These small stereotype forms of social organism have been to the greater part dissolved, and are disappearing, not so much through the brutal interference of the British tax-gatherer and the British soldier, as to the working of English steam and English free trade. Those family-communities were based on domestic industry, in that peculiar combination of hand-weaving, hands-spinning and hand-tilling agriculture which gave them self-supporting power. English interference having placed the spinner in Lancashire and the weaver in Bengal, or sweeping away both Hindu spinner and weaver, dissolved these small semi-barbarian, semi-civilized communities, by blowing up their economical basis, and thus produced the greatest, and to speak the truth, the only social revolution ever heard of in Asia.
Now, sickening as it must be to human feeling to witness those myriads of industrious patriarchal and inoffensive social organizations disorganized and dissolved into their units, thrown into a sea of woes, and their individual members losing at the same time their ancient form of civilization, and their hereditary means of subsistence, we must not forget that these idyllic village-communities, inoffensive though they may appear, had always been the solid foundation of Oriental despotism, that they restrained the human mind within the smallest possible compass, making it the unresisting tool of superstition, enslaving it beneath traditional rules, depriving it of all grandeur and historical energies. We must not forget the barbarian egotism which, concentrating on some miserable patch of land, had quietly witnessed the ruin of empires, the perpetration of unspeakable cruelties, the massacre of the population of large towns, with no other consideration bestowed upon them than on natural events, itself the helpless prey of any aggressor who deigned to notice it at all. We must not forget that this undignified, stagnatory, and vegetative life, that this passive sort of existence evoked on the other part, in contradistinction, wild, aimless, unbounded forces of destruction and rendered murder itself a religious rite in Hindustan. We must not forget that these little communities were contaminated by distinctions of caste and by slavery, that they subjugated man to external circumstances instead of elevating man the sovereign of circumstances, that they transformed a self-developing social state into never changing natural destiny, and thus brought about a brutalizing worship of nature, exhibiting its degradation in the fact that man, the sovereign of nature, fell down on his knees in adoration of Kanuman, the monkey, and Sabbala, the cow.

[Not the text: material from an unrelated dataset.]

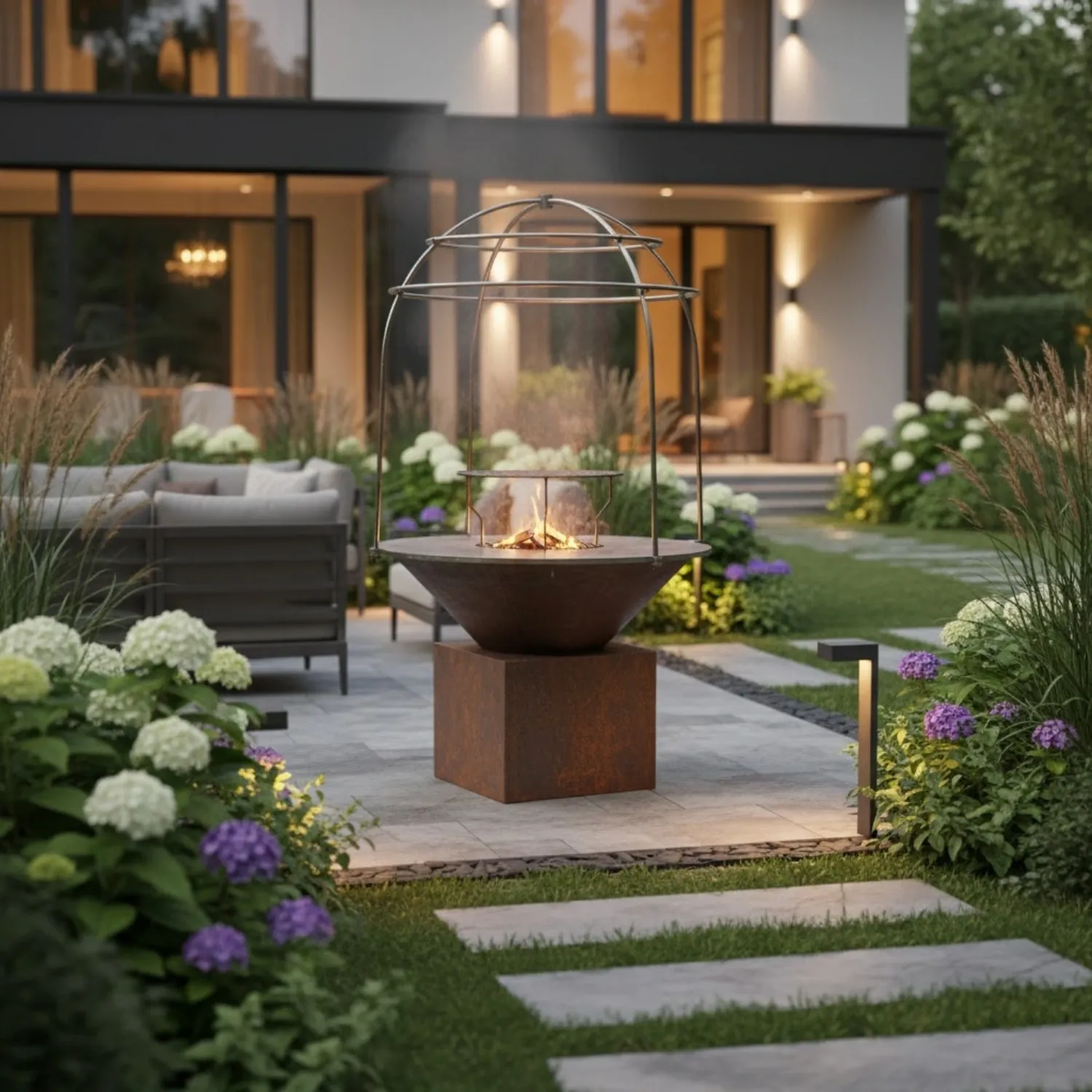 2 mm Corten çelik gövdesi ile sağlamlık ve dayanıklılık vadeden Açık Mangal, 150 cm pişirme alanı sayesinde aileniz ve dostlarınızla keyifli mangallar yapmanıza imkan verir.

"The British Rule in India," New-York Daily Tribune (June 25, 1853)
How came it that English supremacy was established in India? The paramount power of the Great Mogul was broken by the Mogul Viceroys. The power of the Viceroys was broken by the Mahrattas. The power of the Mahrattas was broken by the Afghans, and while all were struggling against all, the Briton rushed in and was enabled to subdue them all. A country not only divided between Mohammedan and Hindu, but between tribe and tribe, between caste and caste; a society whose framework was based on a sort of equilibrium, resulting from a. general repulsion and constitutional exclusiveness between all its members. Such a country and such a society, were they not the predestined prey of conquest? [...]
Modern industry, resulting from the railway system, will dissolve the hereditary divisions of labor, upon which rest the Indian castes, those decisive impediments to Indian progress and Indian power.
"The Future Results of British Rule in India," New-York Daily Tribune (August 8, 1853)
1857-58:
Once men finally settle down, the way in which to a smaller degree this original community is modified, will depend on various external, climatic, geographical, physical, etc., conditions as well as on their special natural make-up — their tribal character. The spontaneously evolved tribal community, or, if you will, the herd — the common ties of blood, language, custom, etc. — is the first precondition of the appropriation of the objective conditions of life, and of the activity which reproduces and gives material expression to, or objectifies [vergegenständlichenden] it (activity as herdsmen, hunters, agriculturalists, etc.). The earth is the great laboratory, the arsenal which provides both the means and the materials of labor, and also the location, the basis of the community. Men's relations to it is naïve: they regard themselves as its communal proprietors, and as those of the community which produces and reproduces itself by living labor. Only in so far as the individual is a member — in the literal and figurative sense — of such a community, does he regard himself as an owner or possessor. In reality, appropriation by means of the process of labor takes place under these preconditions, which are not the product of labor but appears as its natural or divine preconditions.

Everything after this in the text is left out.